Italy has long been regarded to be a non-problematic country of production. Even the global Business Social Compliance Initiative (BSCI) didn't assess the EU country to be a risk nation. For the BSCI, even after the devastating fire in Prato, Italy is not among the high-risk countries, like some 14 other EU member states, such as Romania or Bulgaria. Strange enough, the poor working conditions in Italy, especially in Prato, are not news to BSCI.

With the very speedy fashion industry, Asian working conditions have now arrived in Europe. Authorities claim that a completely deregulated paradise for Wild West capitalism was generated in Italy, which brought the so-called sweat shops into the heart of Europe.

Different Views In Prato
In the center of Prato, the second largest city in Tuscany, the recession that has afflicted Italy for several years is surprisingly less severe than in the rest of Italy.

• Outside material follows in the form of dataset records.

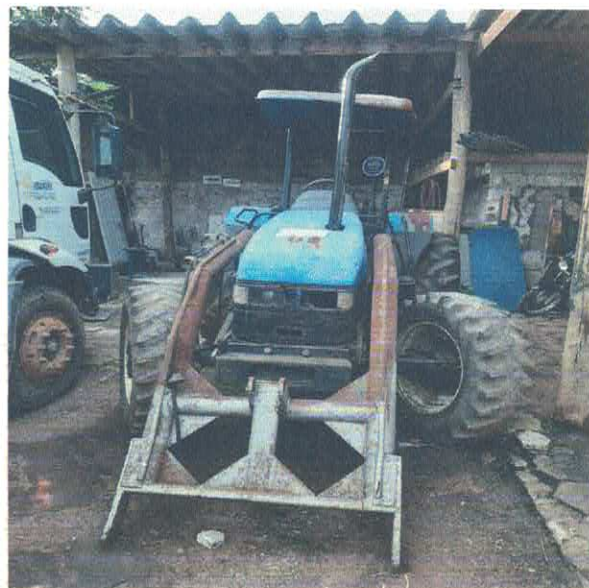
TRATOR AGRÍCOLA NEW HOLLAND 01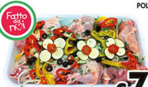
POLLO A PEZZI CONDITO al kg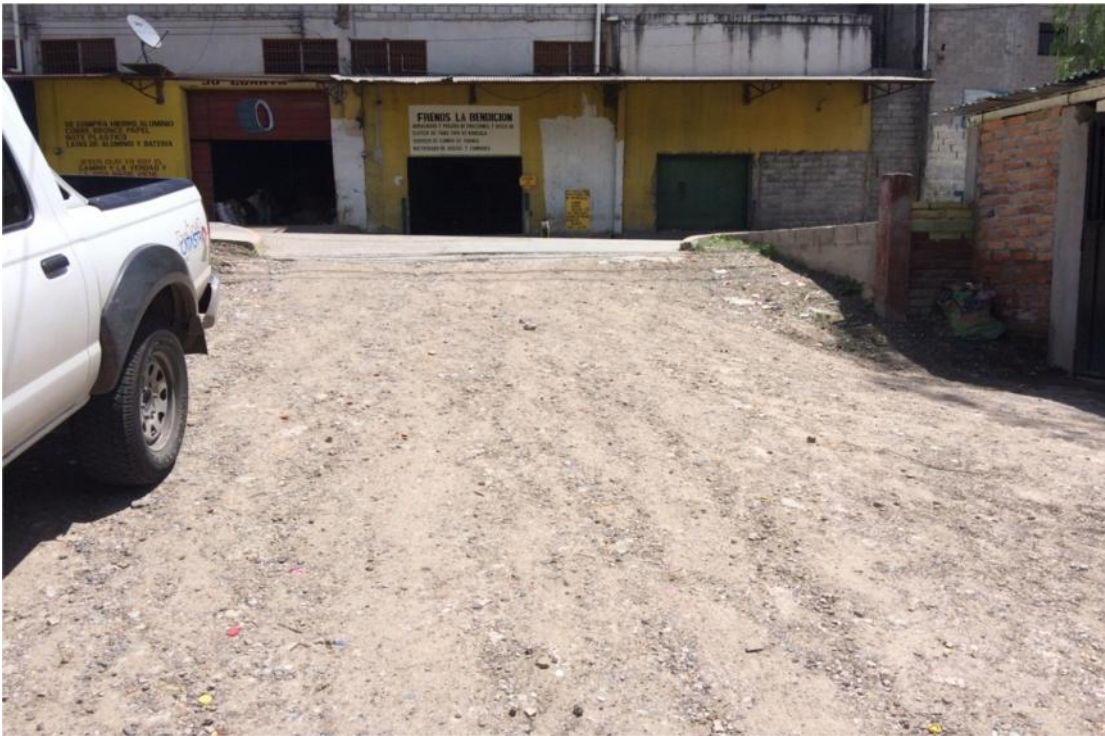
INICIO DE TRAMO 1 DE PAVIMENTACION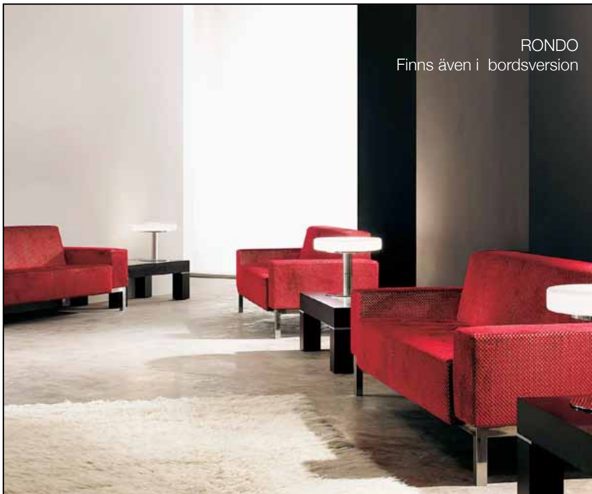
RONDO Finns även i bordsversion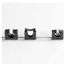
Gereedschapsklemmen Gereedschapsklem 20-30 mm Art.nr. 101048 Gereedschapsklem 30-40 mm Art.nr. 101049 Bevestigingsrail 500 mm Art.nr. 101050 Bevestigingsrail 900 mm Art.nr. 101051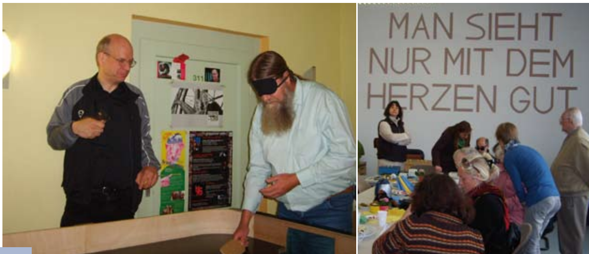
Bilder: Woche des Sehens / West

In einem Vortrag erfuhren sie alles über den Blindenführhund und es bestand die Möglichkeit, die Blindenschrift kennenzulernen. Ein Referent des Deutschen Blinden- und Sehbehindertenverbandes aus Berlin war mit einer Tischballplatte angereist und wies in die Regeln des Spiels ein. Auch das Angebot des gemeinsamen Kaffeetrinkens als Treffpunkt und Austauschmöglichkeit kam bei den Besuchern gut an.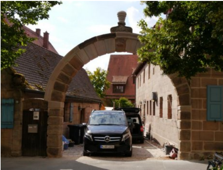
Endzustand des linken Torbogens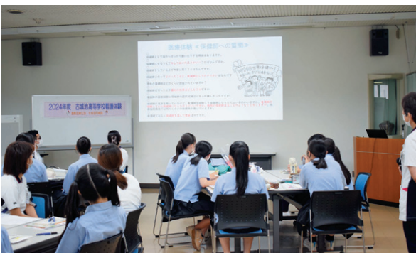
多くの生徒さんに来てもらいました

生徒さんから、「大変さも知ったがやりがいのある仕事」「助産師を目指し不安もあるが頑張ろうと思った」などの感想があり、今回の体験で医療の魅力を知っていただけて良かったと思いました。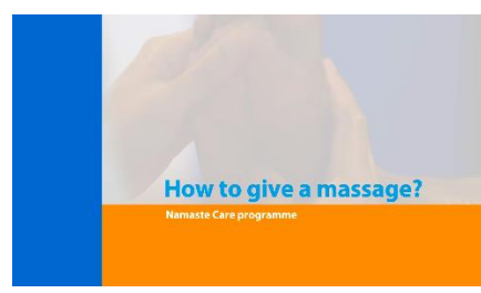
4. How to give a message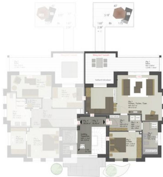
HAUS 12-13 OG_WE3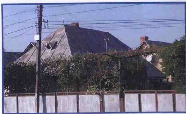
Хрестик на даху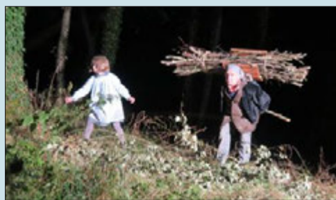
Connaissance de la Meuse recherche aussi des acteurs pour de la figuration.

L'association lance de nouveaux aux volontaires qui voudraient étoffer ses équipes. Il y a la possibilité de s'inscrire dans différents groupes : acteur figurant - « aucune compétence particulière n'est exigée » -, accueil du public (parking, billetterie, contrôle, gestion du public, boutique), son, lumière, intendance (restauration rapide, service des bénévoles), logistique-décors-accessoires (LAD). Pour contacter l'association, c'est soit par mail : cdm@cdm55.fr soit par téléphone : 06.11.54.58.71.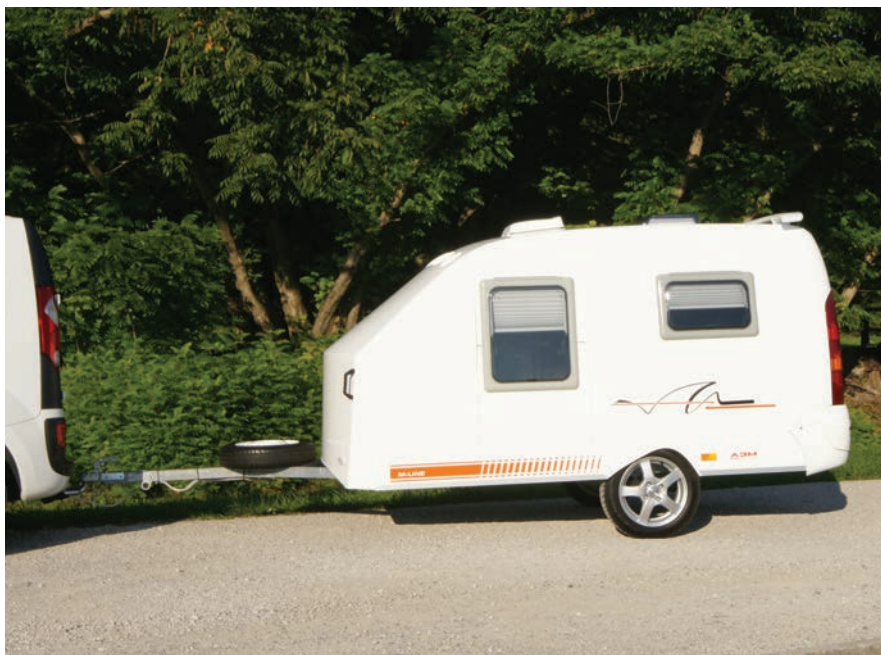
Atraktivna mini prikolica je dolga štiri metre in četr, od tega je bivalnega dela cele tri metre.

Mala prikolica, Kamniška 25, Ljubljana, T: 01 432 10 78, info@mala-prikolica.com, www.mala-prikolica.com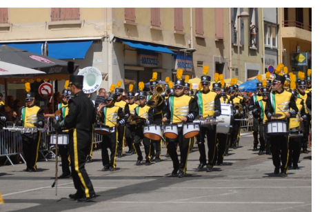
Les Sans Piston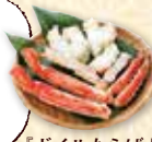
『ボイルたらばガニ ハーフポーション』

実家への土産には必ずパルシステムの冷凍のカニを持って行きます。解凍も簡単で食べやすく、お正月の食卓には欠かせないと喜ばれています!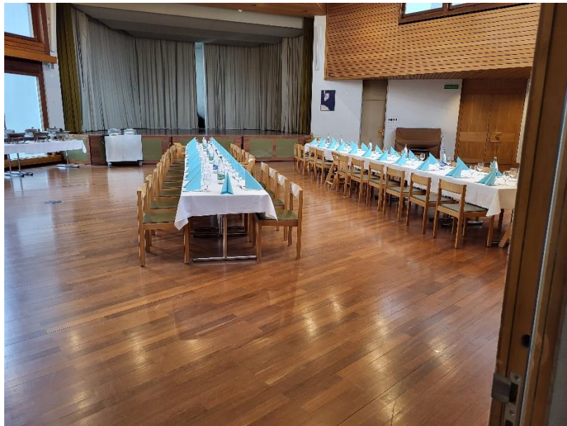
Sala de trabajo (aquí todavía está acondicionada como sala de banquetes)

In spite of all these troubles, the president of the Industrial Association of Prato, Andrea Cavicchi, pointed out that in contrast to the situation in the rest of Italy, the local economic performance has dropped very little during the last few years. Accordingly, the unemployment rate is around 7 percent, which is significantly lower than the national average of 11 percent.

But how is that possible in a city that in the last 20 years has lost 4,000 enterprises, which represent half of its textile companies that employed 20,000 people? The answer is, here is the largest Chinatown in Italy, or in Macrolotto - the large-scale industrial district of Prato, where the majority of the approximately 3,600 Chinese apparel manufacturers are located. According to official estimates, these companies have an annual turnover of 1.5 billion euros, of which just more than 50 percent comes from exports.

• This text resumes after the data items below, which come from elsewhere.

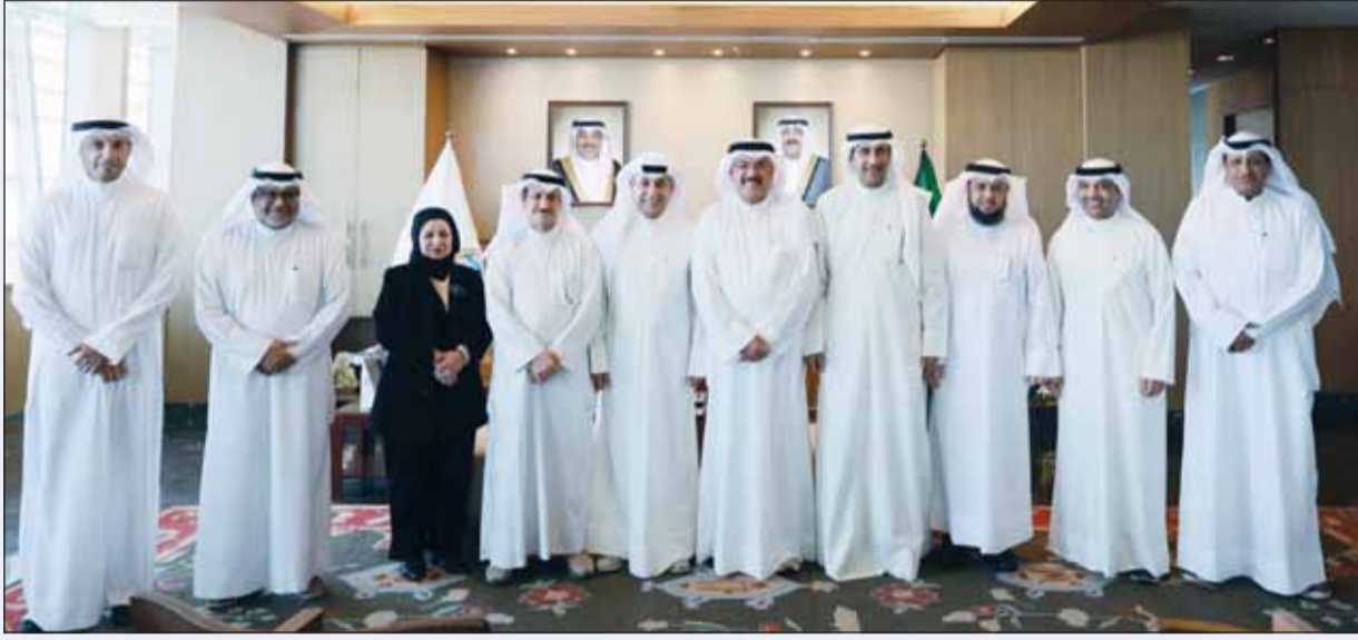
وزير التربية سيد جلال الضباطي متوسلاً مع وفد جمعية الضباط المتقاعدين

التنسيق وتشكيل فرق عمل بين الجهتين لتبادل الروى بشأن المبادرات والمشروعات التي من شأنها دعم العملية التعليمية، وتعزيز الشراكة المجتمعية، بما يواكب توجيهات وزارة التربية نحو توفير بيئة مدرسية أكثر أمناً واستقراراً تسهم في تحقيق الأهداف التربوية والتعليمية المنشودة.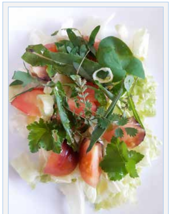
FIGURA 1. Ensalada campestre amb base de lletuga i tomata, amanida amb diverses espècies silvestres: Sonchus asper , Lavatera arborea , Sanguisorba minor , Allium ampeloprasum , Plantago lanceolata i Silene vulgaris .

'Les nostres plantes' (Climent, 1985) o el 'Costumari Botànic' (Pellicer, 2001-2004) ens permet trobar bona part d'aquesta ampla composició vegetal, que en molts casos pogué ser el resultat d'un procés multiseccular de selecció en què es van evitar les espècies tòxiques, però on se'n van incloure d'altres de sabors forts - picants, amargs, àcids - que contrastaven amb la resta de components del plat. En eixe procés selectiu també podria haver tingut rellevància el valor natracèutic de les seues espècies integrants, és a dir, les que funcionen com a aliments i que simultàniament posseeixen propietats curatives (v. Peris et al., 1995, 2001; Stübing & Peris, 1998; Rivera et al., 2005, 2006, 2008; Leonti, 2012; García-Herrera, 2014; Molina et al., 2014; Alarcón et al., 2015; Bernabeu-Mestre et al., 2015; Laguna et al., 2017). De fet, moltes de les espècies indicades en texts populars sobre fitoteràpia com ara els de Messegué (1973) o Juan (1883), són plantes silvestres comestibles que han estat emprades en les ensalades campestres,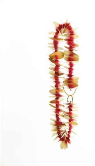
Collar. Moher , 2003. Oro y lana moher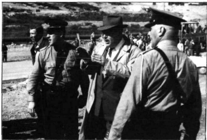
Claude Jodoin, président du Congrès du Travail du Canada, s'entretient avec des membres de la Police provinciale à Murdochville pendant la grève, août 1957.

— enfin, "les gardiens de la paix arrivent —"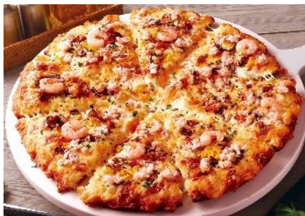
ウインタークラブ

ピザーラでカニのピザが味わえるのは冬だけのおたのしみ！【ピザーラ感謝祭】のお得な期間に、ぜひお試しください。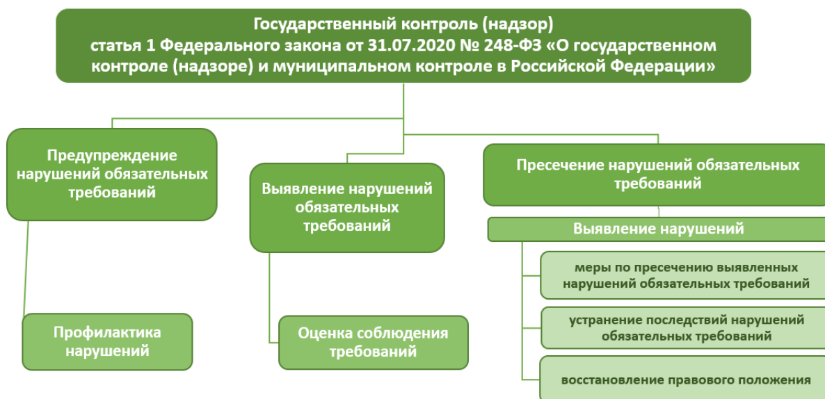
Рис. 1. Организация государственного контроля (надзора)

Согласно статье 1 Федерального закона от 31 июля 2020 года № 248-ФЗ «О государственном контроле (надзоре) и муниципальном контроле в Российской Федерации» (далее – Федеральный закон № 248-ФЗ) под государственным контролем (надзором), муниципальным контролем в Российской Федерации понимается деятельность контрольных (надзорных) органов, направленная на предупреждение, выявление и пресечение нарушений обязательных требований, осуществляемая в пределах полномочий указанных органов посредством профилактики нарушений обязательных требований, оценки соблюдения гражданами и организациями обязательных требований, выявления их нарушений, принятия предусмотренных законодательством Российской Федерации мер по пресечению выявленных нарушений обязательных требований, устранению их последствий и (или) восстановлению правового положения, существовавшего до возникновения таких нарушений (рис. 1).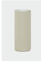
Plungerrohr für 1 Kolben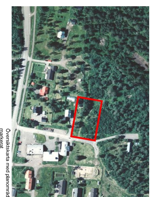
Oversiktskarta med planområdet markerat

Miserable Working Conditions
In the buildings of the Macrolotto, the apparel not only is stored but also is produced, mostly under miserable working conditions. Experts say that the Chinese workers would be smuggled into the country, just like the fabrics, with some help from interested parties. They work like slaves for a pittance of one euro per hour for their Chinese patrons.

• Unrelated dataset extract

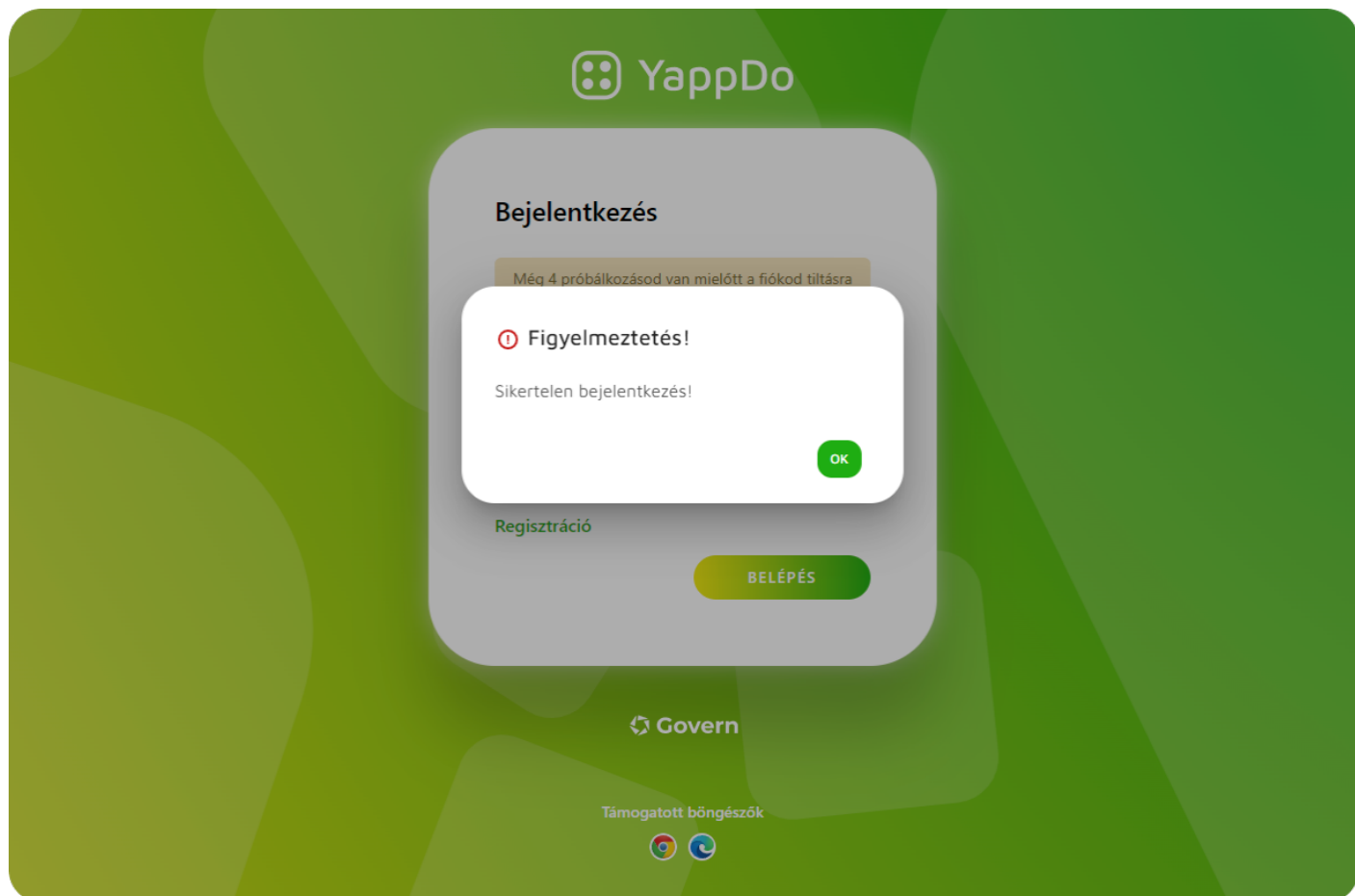
1. ábra - Sikertelen bejelentkezés

Egymást követő 5 darab sikertelen bejelentkezési kísérletet követően a rendszer zárolja a felhasználói fiókot.

And now, for the mayor of Prato, the tragedy was predictable. He complained bitterly about the Chinese, who don't follow any rules, don't pay taxes, and don't spend any money in Prato but send all the cash home. On the other side, they send their children to local schools and the hospitals are overcrowded - half of all newborn babies in Prato today are Chinese. "Prato is helplessly overextended by the Chinese invasion," the mayor claimed. But why has no action yet been taken?

The Chinese Way
Local government problems are said to include the lack not only of enough police officers, but also of legal tools. The control of the Chinese is not only due to some language barriers; it is about the Chinese starting new businesses every year or two and taking old companies out of service, basically to escape paying taxes. According to the Chamber of Commerce of Prato, the annual registration of new Chinese companies is close to 50 percent of all registered companies.

Hope Of Deliverance
On the other side, the repeatedly used image by Italian media of the Chinese destroying the traditional indigenous textile industry is said to be wrong. This is also the belief of the president of the industrialists, Cavicchi, and the local secretary of the trade union.

According to Cavicchi, a textile entrepreneur, the situation has now stabilized. Many of the remaining 2,800 Italian textile companies with some 20,000 employees achieved an annual turnover last year of more than 3 billion euros, which has considerably improved their capital situation and competitiveness. Cavicchi said that those companies are dedicated to quality and innovative fabrics, which are in high demand in Asia. He hopes that the local and the Chinese companies in Prato will cooperate in the future and combine their respective strengths. Previous attempts at cooperation have mostly failed. However, Cavicchi is confident "because already two Chinese companies became members of the Industrialists association." The last word in this Sino-Italian melodrama is not yet spoken.